Michael Hicks Beach, 1st Earl St Aldwyn


Michael Edward Hicks Beach, 1st Earl St Aldwyn, , known as Sir Michael Hicks Beach, Bt, from 1854 to 1906 and subsequently as The Viscount St Aldwyn to 1915, was a British Conservative politician. Known as "Black Michael", he notably served as Chancellor of the Exchequer from 1885 to 1886 and again from 1895 to 1902 and also led the Conservative Party in the House of Commons from 1885 to 1886. Due to the length of his service, he was Father of the House from 1901 to 1906, when he took his peerage.

Background and education

Born at Portugal Street in London, Hicks Beach was the son of Sir Michael Hicks Beach, 8th Baronet, of Beverston, and his wife Harriett Vittoria, second daughter of John Stratton. He was educated at Eton College and Christ Church, Oxford, where he graduated with a first class degree in the School of Law and Modern History in 1858. In 1854 he succeeded his father as ninth Baronet.

Political career, 1864–1888

In 1864 he was returned to Parliament as a Conservative for East Gloucestershire. During 1868 he acted both as Parliamentary Secretary to the Poor Law Board and as Under-Secretary of State for Home Affairs. In 1874 he was made Chief Secretary for Ireland, and was included in the Cabinet in 1877. From 1878 to 1880 he was Secretary of State for the Colonies. In 1885 he was elected for Bristol West, and became Chancellor of the Exchequer and Leader of the House of Commons. After Gladstone's brief Home Rule Ministry in 1886 Hicks Beach entered Lord Salisbury's next Cabinet again as Irish Secretary, making way for Lord Randolph Churchill as Leader of the House; but troubles with his eyesight compelled him to resign in 1887.
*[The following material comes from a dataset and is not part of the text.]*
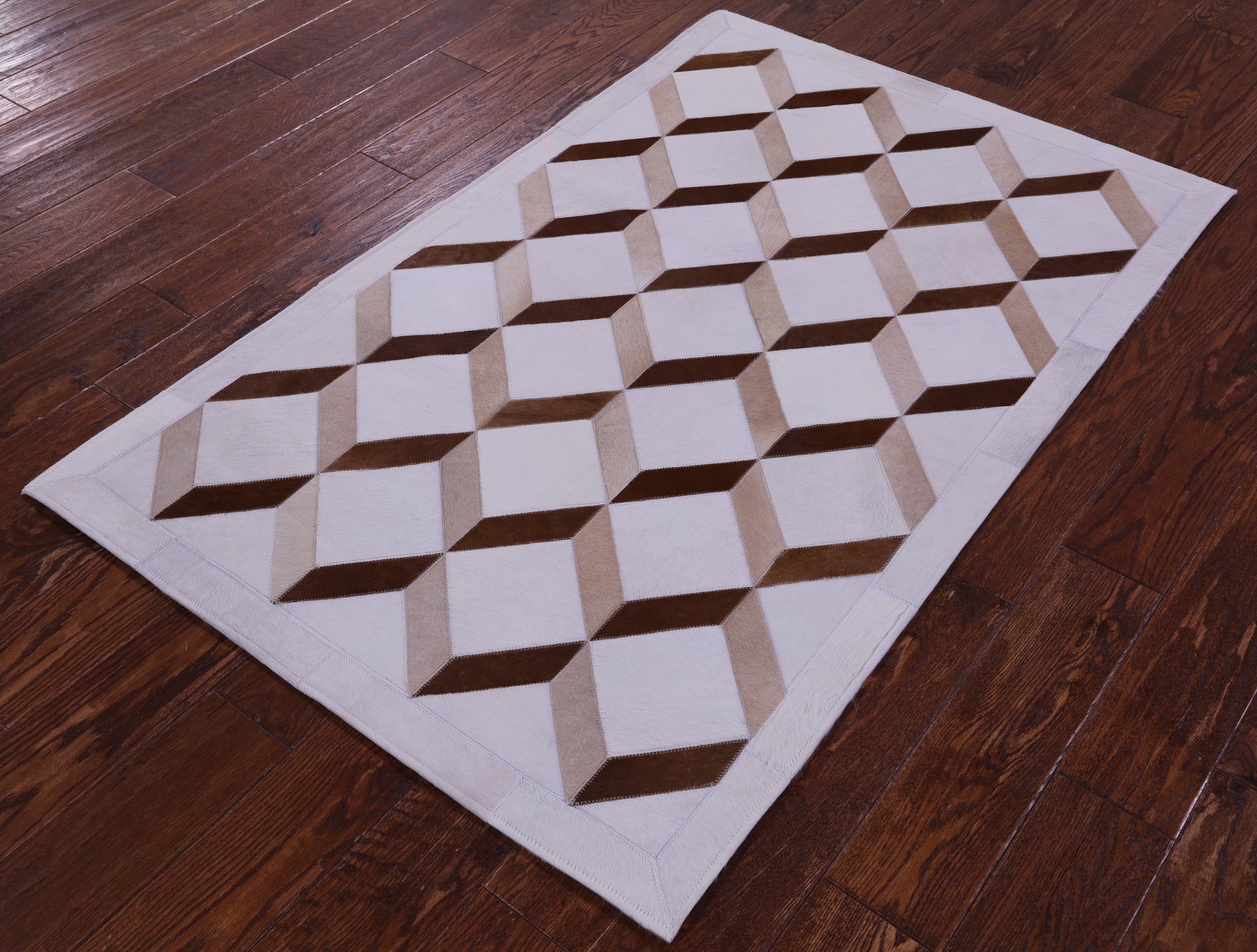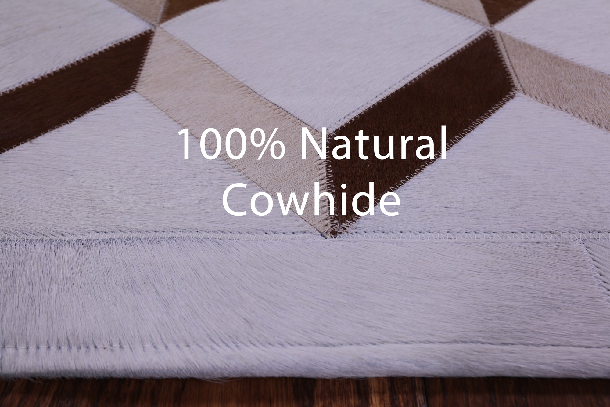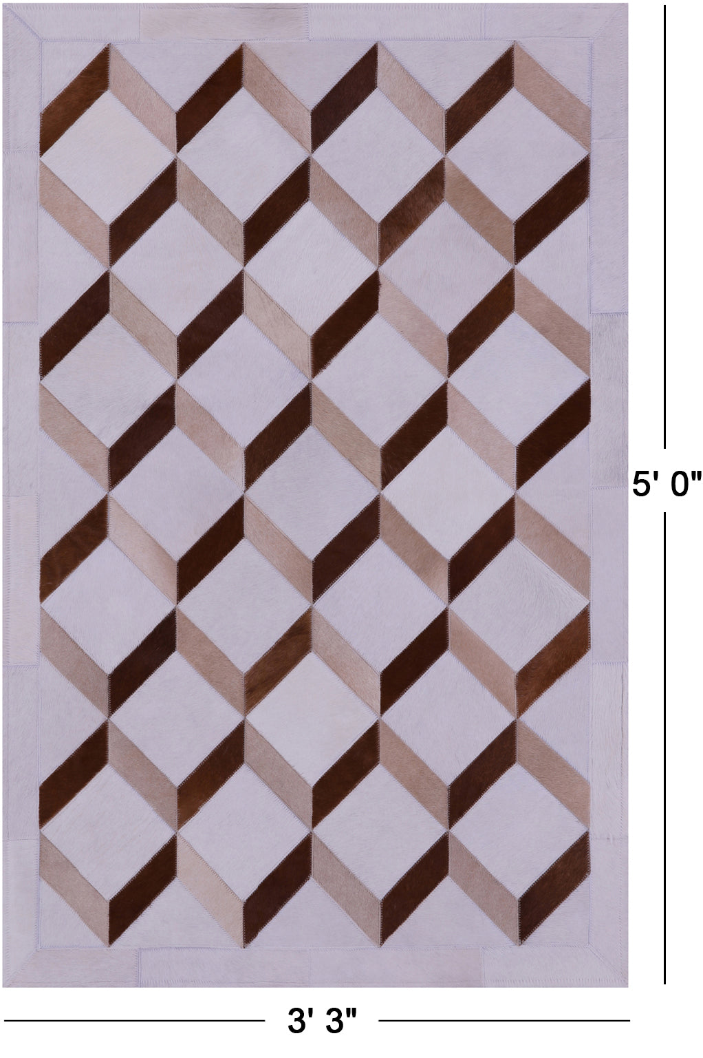 Brown & White Natural Cowhide Hand Stitched Patchwork Rug - 3' 3" X 5' 0"

Political career, 1888–1902

From 1888 to 1892 Hicks Beach returned to active work as President of the Board of Trade, and in 1895, Goschen being transferred to the Admiralty, he again became Chancellor of the Exchequer. In 1899 he lowered the fixed charge for the National Debt from twenty-five to twenty-three million, a reduction imperatively required, apart from other reasons, by the difficulties found in redeeming Consols at their then inflated price. When compelled to find means for financing the war in South Africa, he insisted on combining the raising of loans with the imposition of fresh taxation; and besides raising the income-tax each year, he introduced taxes on sugar and exported coal, and in 1902 reimposed the registration duty on corn and flour which had been abolished in 1869 by Lowe. The sale of his Netheravon estates in Wiltshire to the War Office in 1898 occasioned some acrid criticism concerning the valuation, for which, however, Sir Michael himself was not responsible. On Lord Salisbury's retirement in August 1902 Hicks Beach also left the government.
Following his resignation, Sir Michael and Lady Lucy Hicks Beach, with their family, visited Egypt in late 1902.

Other public appointments

He accepted the chairmanship of the Royal Commission on Ritualistic Practices in the Church, and he did valuable work as an arbitrator; and though when the fiscal controversy arose he became the first president of the Unionist Free Food League, his parliamentary loyalty to Balfour did much to prevent the Unionist free-traders from precipitating a rupture. Hicks-Beach was appointed to be a Deputy Lieutenant for the county of Gloucestershire in 1861. In 1906 he was raised to the peerage as Viscount St Aldwyn, of Coln St Aldwyn, in the County of Gloucester, and in 1915 he was further honoured when he was made Viscount Quenington, of Quenington, in the County of Gloucester, and Earl St Aldwyn, of Coln St Aldwyn, in the County of Gloucester.

Family

Lord St Aldwyn married firstly, Caroline Susan Elwes, daughter of John Henry Elwes by Mary Bromley, sister of Henry John Elwes, and secondly Lady Lucy Catherine Fortescue, daughter of Hugh Fortescue, 3rd Earl Fortescue, in 1874. They had one son, Viscount Quenington, also a politician, and three daughters.
His second daughter, Susan Hicks Beach, was the sitter representing Britannia on the reverse of the Edward VII silver florins issued from 1902 to 1910 and designed by George William de Saulles. She chose the single life residing with her mother for sundry years subsequent to World War II cultivating and caring for the family lands in the Cotswolds.
Lord St Aldwyn died in April 1916, aged 78, only a week after his son was killed in action in the First World War, and was succeeded in his titles by his grandson Michael, who also became a Conservative politician. Lucy, The Countess St Aldwyn had been involved with Elizabeth Malleson in the creating of a Rural Nursing Association in the 1880s. This organisation was successful and incorporated in similar initiatives by Queen Victoria. The countess died in March 1940. The coastal town of Beachport in the Australian state of South Australia was named after Lord St Aldwyn in 1878.